I am trying to add Turkic Machine Translation dataset that is introduced by this paper and stored in there to be able to use it easily. I downloaded all sets and using this script to pre-process:
import os
from tqdm.notebook import tqdm
from datasets import Dataset, DatasetDict
lang_combs = set()
splits = ['train', 'dev', 'test/bible', 'test/ted', 'test/x-wmt']
for split in splits:
lang_combs.update(os.listdir(split))
lang_combs = sorted(list(lang_combs))
datasets = {}
for lang_comb in tqdm(lang_combs):
dataset = {}
for split in splits:
split_data = {"translation": []}
src_lang, tgt_lang = lang_comb.split('-')
src_file = os.path.join(split, lang_comb, f"{src_lang}-{tgt_lang}.{src_lang}")
tgt_file = os.path.join(split, lang_comb, f"{src_lang}-{tgt_lang}.{tgt_lang}")
if os.path.exists(src_file) and os.path.exists(tgt_file):
with open(src_file, 'r') as src, open(tgt_file, 'r') as tgt:
src_sents = [line.strip() for line in src.readlines()]
tgt_sents = [line.strip() for line in tgt.readlines()]
for src_sent, tgt_sent in zip(src_sents, tgt_sents):
split_data["translation"].append({
src_lang: src_sent,
tgt_lang: tgt_sent
})
split = split.replace('/', '-')
dataset[split] = Dataset.from_dict(split_data)

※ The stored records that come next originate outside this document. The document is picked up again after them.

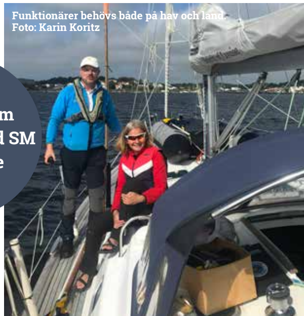
Funktionärer behövs både på hav och land.

Var med som funktionär vid SM i Trissjolle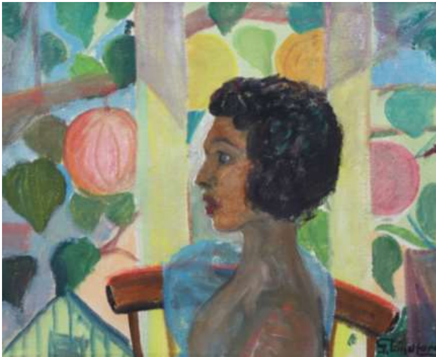
Gustaf Lindfors, oljemålning 50 x 55 cm, Ekenbergs Auktioner.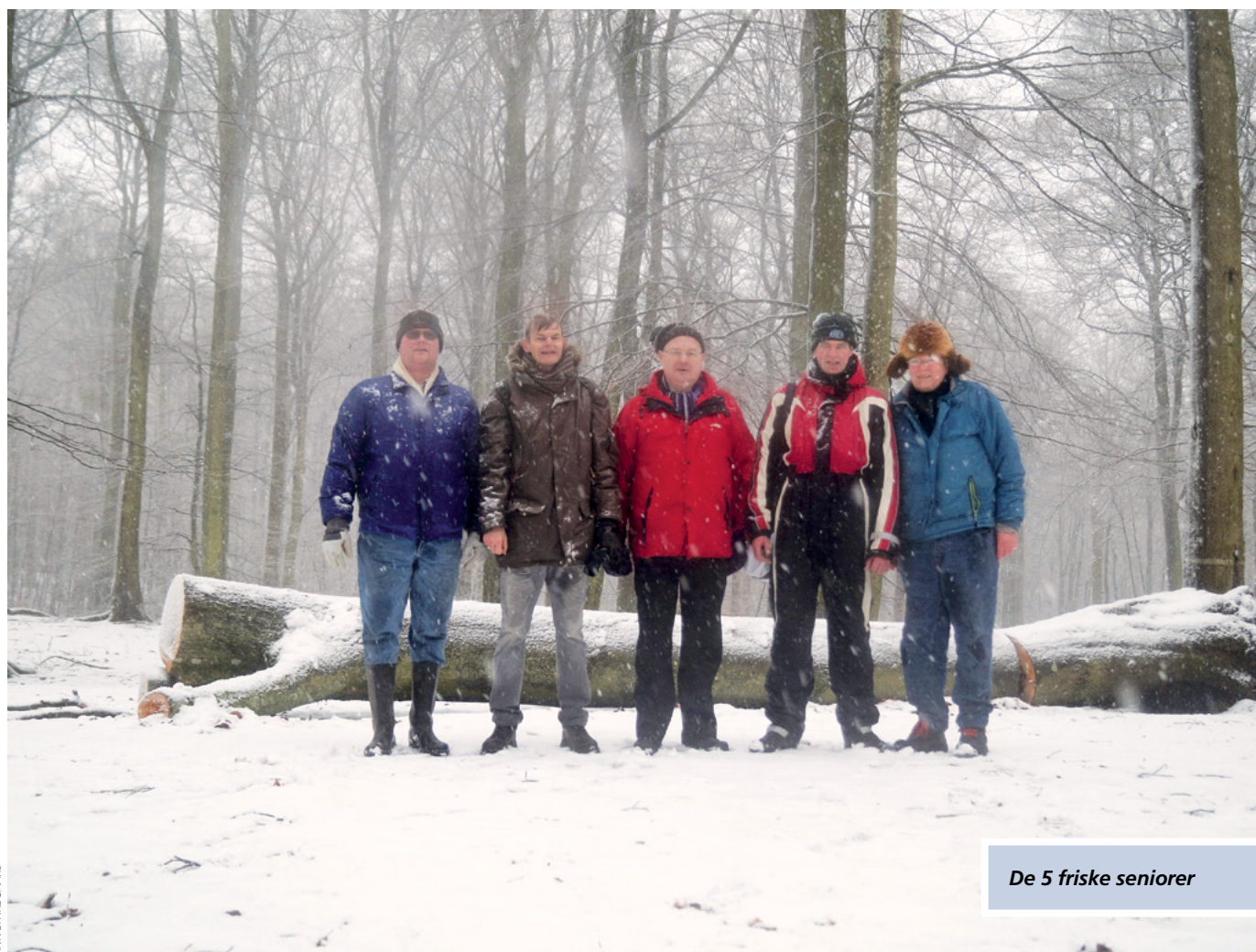
De 5 friske seniorer

Således opfyldt med åndelig bagage fik vi efter morgenmaden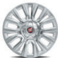
Enjoliveurs 15" De série sur Tipo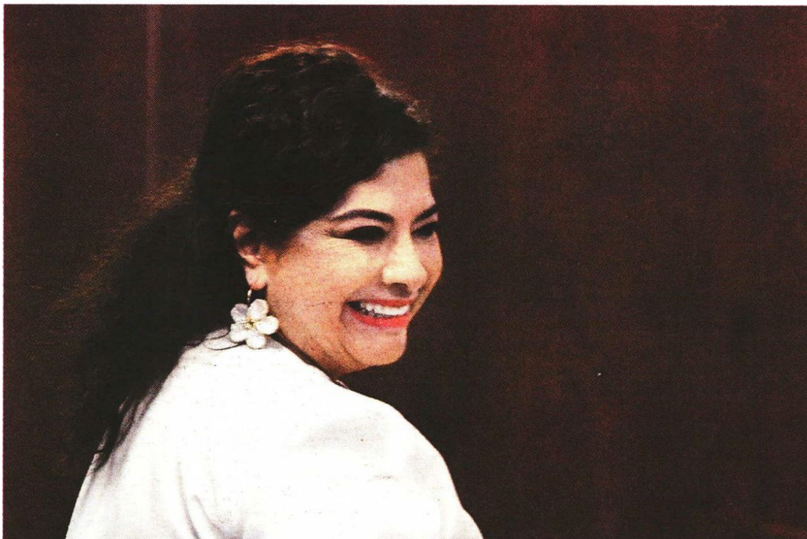
Con una trayectoria política de 40 años, rinde protesta este sábado.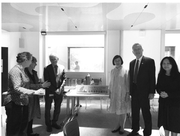
法蘭西學院「臺灣漢學資源中心」揭牌啟用儀式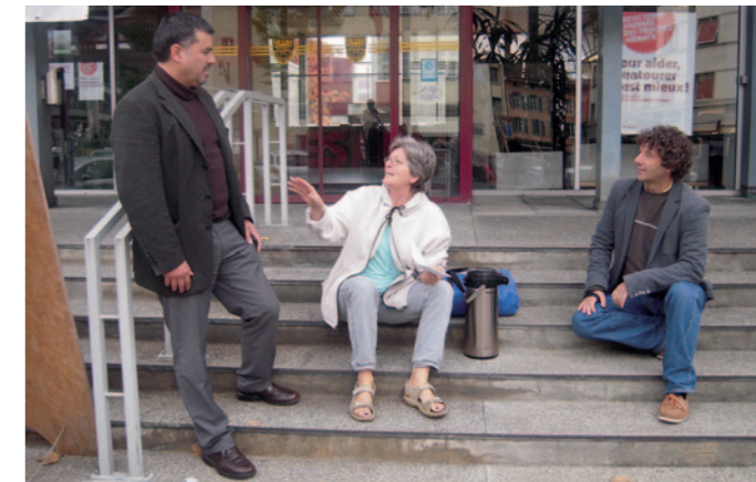
Les assistants sociaux du Graap-F ont activement participé à la Journée des proches aidants.

participé à la Journée des proches aidants. Ils étaient présents dans les gares avec des professionnels d'autres institutions et des proches pour sensibiliser le public à l'importance du rôle du proche et faire connaître les organisations actives dans ce domaine. Il est en effet important que les proches sachent où trouver information et appui en fonction de leurs besoins.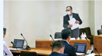
(委員会質問の様子)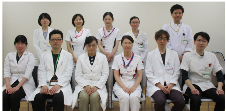
2025年度 緩和ケアチーム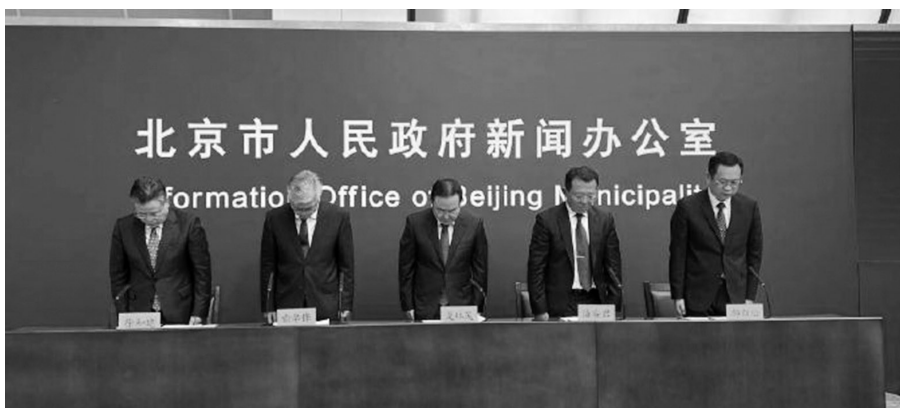
发布会现场,全体人员起立,为遇难人员默哀。

灾情发生后,北京市委市政府一刻不停“抢险、抢修、抢通”,全力做好“四通一保(通路、通电、通讯、通水和受灾群众基本生活保障)”、伤员救治、群众安置等各项救灾工作。一是快速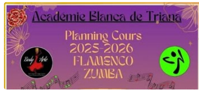
Planning danse – Saison 2025-2026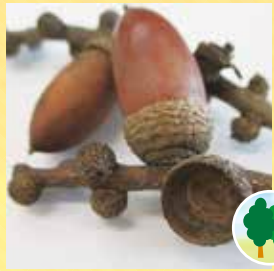
ドングリ (マテバシイ)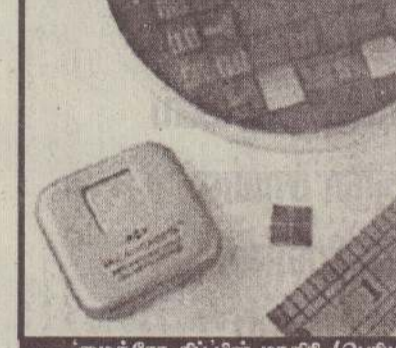
'மைக்ரோ சிப்' மாதிரி (பெரிய) நல்லாமை வடிவத்தை கிங்குள்ள படத்தின் மூலம் காணலாம். மருந்து நிரப்பப்பட்ட மைக்ரோ சிப் அரை அங்குல அளவே இருப்பதை இந்தப் படத்தின் மூலம் தெரிந்து கொள்ளலாம்.

துகளைச் சாப்பிடவேண்டும்; சிலர் தினமும் இருமுறை ஊசிமூலம் மருந்து செலுத்தும் நிலையிலும் உருவாக்கியுள்ளது. இது அளவில் மிகச் சிறியது. இந்த 'சிப்பில்' நாம் விரும்பும் மருத்துவப் பொருளை அடைத்து வைக்கமுடியும்.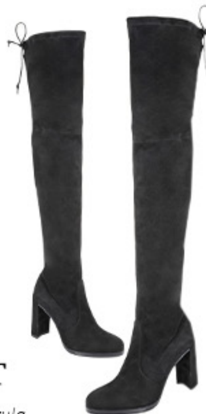
KOZAKI STUART WEITZMAN

Obciste, czarne jeansy, t-shirt v-neck, kraciasta koszula zawiązana na biodrach. Bardzo w stylu grunge, ale... charakter całości zmieniają zamszowe kozaki na obcasie po dołowy uda! Ciekawe przemycenie aktualnych trendów i bardzo nowatorskie podejście do tej „wiekowej” kurtki!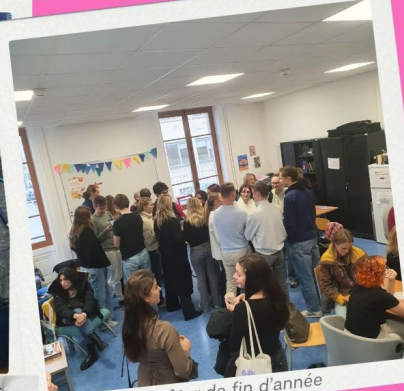
Goûter de fin d'année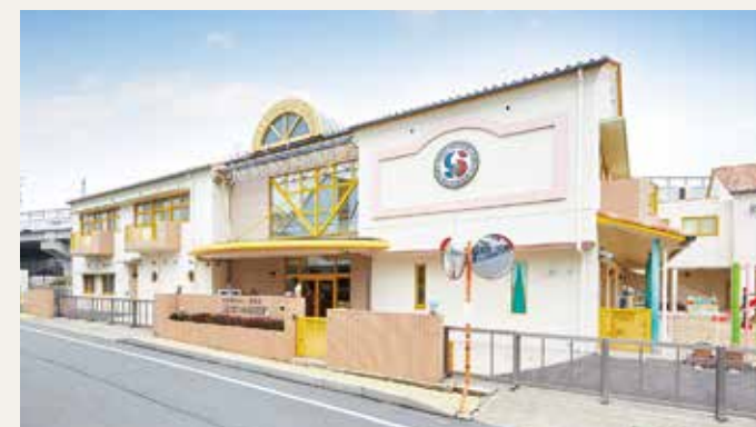
社会福祉法人 裕愛会 幼保連携型認定こども園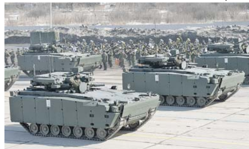
В парадной колонне — БМП «Курганец-25».

Подготовка к параду на Красной площади в ознаменование 73-й годовщины Победы в Великой Отечественной войне близится к завершению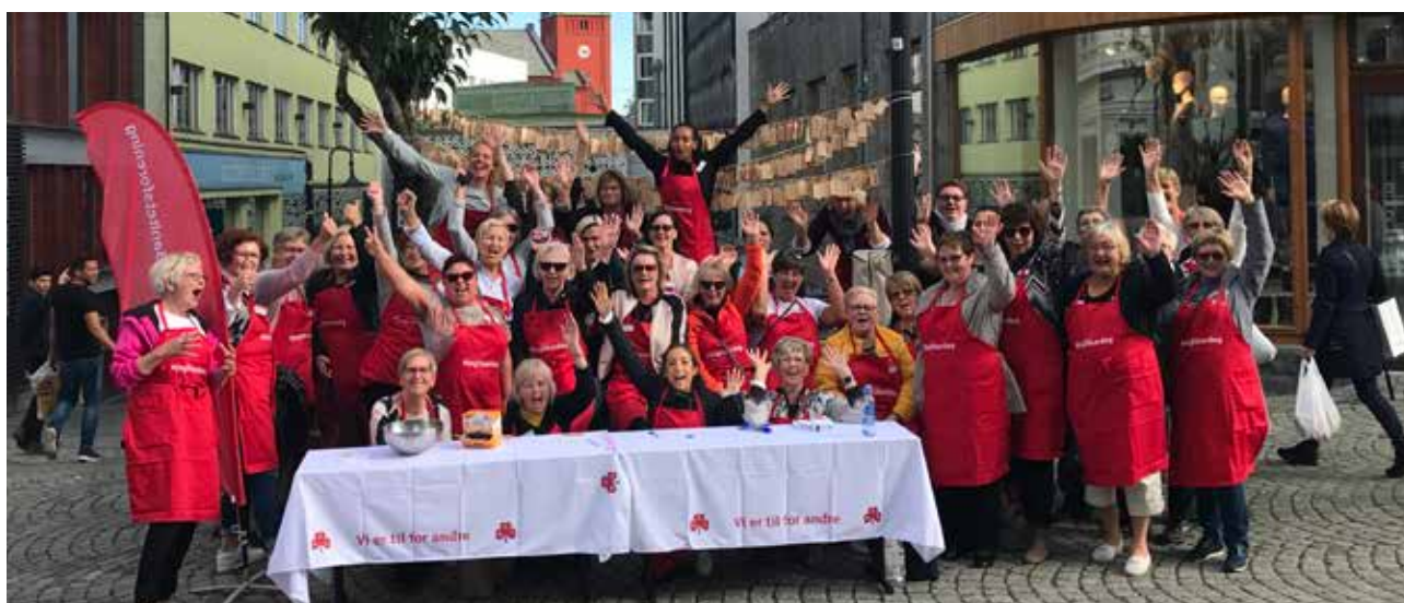
Rundt 500 damer iført røde forkler med #Jeglikerdeg inntok Lillestrøm, Narvik, Molde, Kristiansand og Stavanger (bildet).

dataset_dict = DatasetDict(dataset)
datasets[lang_comb] = dataset_dict
final_dataset = DatasetDict(datasets)
Then, when I tried to push it to the Hub, I am getting this error:
TypeError: Values in DatasetDict should be of type Dataset but got type ‘<class ‘datasets.dataset_dict.DatasetDict’>’
The authors of original paper have Turkic X-WMT dataset but this generated from script (turkic_xwmt.py). And what is the difference between pushing it in parquet files and writing script. As far as I know, it is suitable for the datasets that is accessible via an API. So, how can I solve this?
What you have is a dataset with multiple configurations. Each language combination is a different configuration and I suspect that the upload function still does not support pushing multiple configurations programmatically at the same time.
Thank you for your response, but I think the problem doesn’t solve with this. What I believe is the problem is that I am trying to push dataset that consisted of 405 DatasetDicts that each has train, dev and testDatasets. You see the error message?
TypeError: Values in DatasetDict should be of type Dataset but got type ‘<class ‘datasets.dataset_dict.DatasetDict’>’
Other translation datasets is created not by pushing all the datasets to the Hub but creating wrapper for original source. So, how can I push this dataset to the hub as parquet files or make a wrapper from Google Drive?